WESTBROOK, Minn. — Courageous guard dog whose size alone helps scare predators away from sheep, or big white cuddly pet? It appears the Great Pyrenees dog can fill either role.

For the Chelsea and Travis Kleine family of rural Westbrook, Minn., the Pyrs (as they are sometimes called) started as pets. They had the dogs before they had sheep.

“I had one growing up and I liked the breed,” Chelsea said. “We decided we needed some sheep for them to guard.”

With their flock of Icelandic sheep down to nine, the dogs don’t have a lot of guard work, but the Kleines breed their Great Pyrenees and sell the puppies.

According to dog breed websites, it is characteristic of Great Pyrenees to be very loyal and devoted to their family, which causes them to be territorial and protective. Not all are so welcoming to strangers as the Kleines’ Pyrenees, which tend to the gentle side.

“Our dogs are quite laid back,” Chelsea said. “I know some Pyrs like family only. If you’re a stranger, you better beware. But people have said they’ve never seen a puppy so laid back as ours.”

That’s a disposition that the Kleines seek to develop in their dogs, since many of them are purchased as pets. The five puppies in their last litter were all purchased by local people looking for a pet. They said that it is typical that when a pup is purchased by someone from a greater distance, it is usually for work as a guard dog.
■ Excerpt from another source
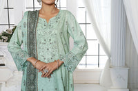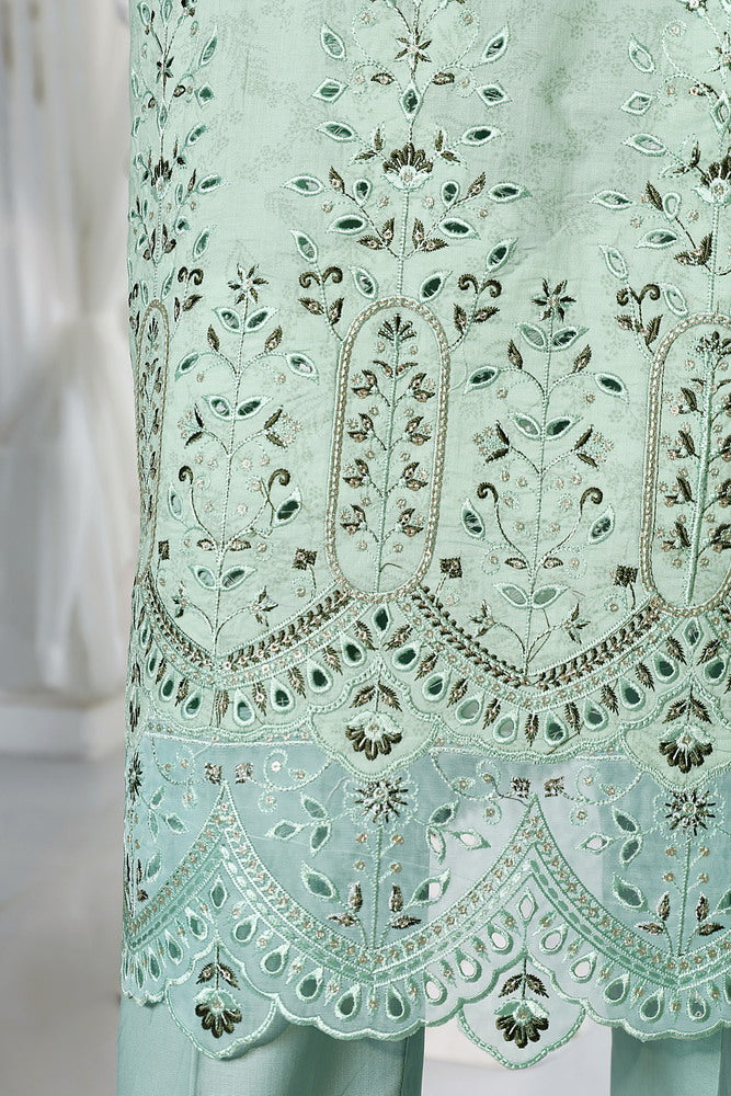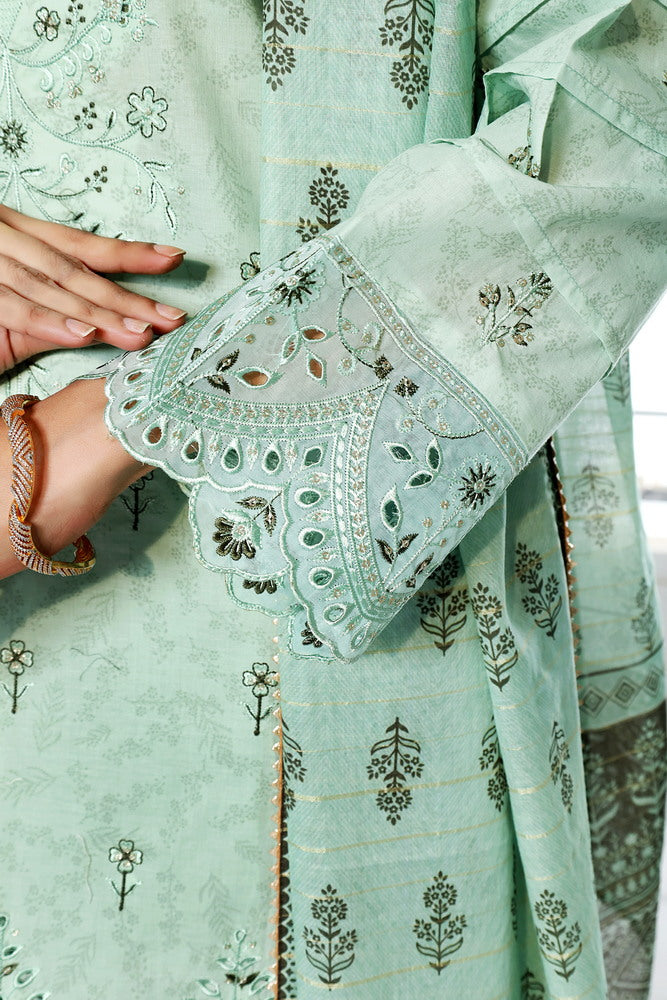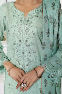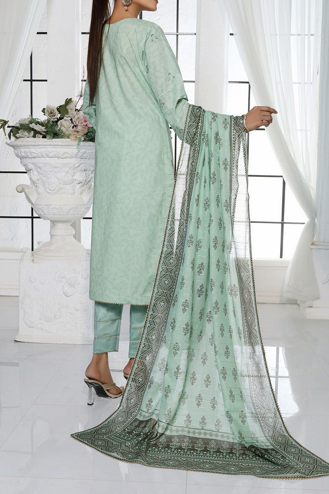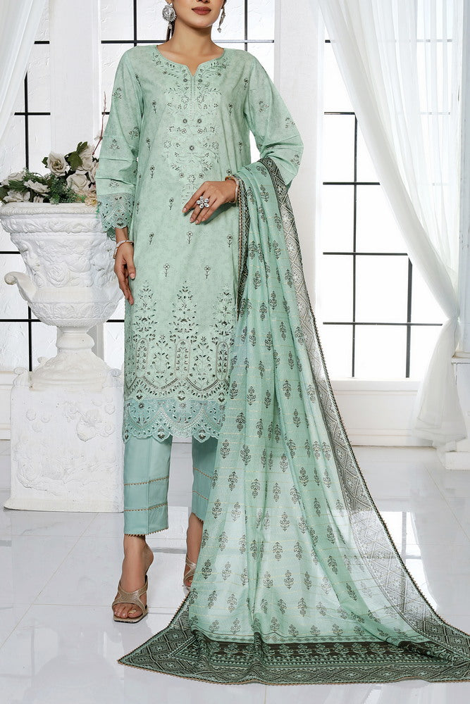 DESCRIPTION: TOP QUALITY THREE PIECE UNSTITCHED EMBROIDERED DRESS WITH PRINTED ZARI DUPATTA

Their puppies are all American Kennel Club registrable, and they handle the full or limited registration for those who want it. They recommend full registration if the buyer is planning on using the dog for showing or breeding. Those who purchase for pets usually forgo that added expense.

Large as the Great Pyrenees dogs are, they are gentle and the Kleines’ young children play with them like with some large stuffed animal. But the Great Pyrenees was bred primarily to guard sheep.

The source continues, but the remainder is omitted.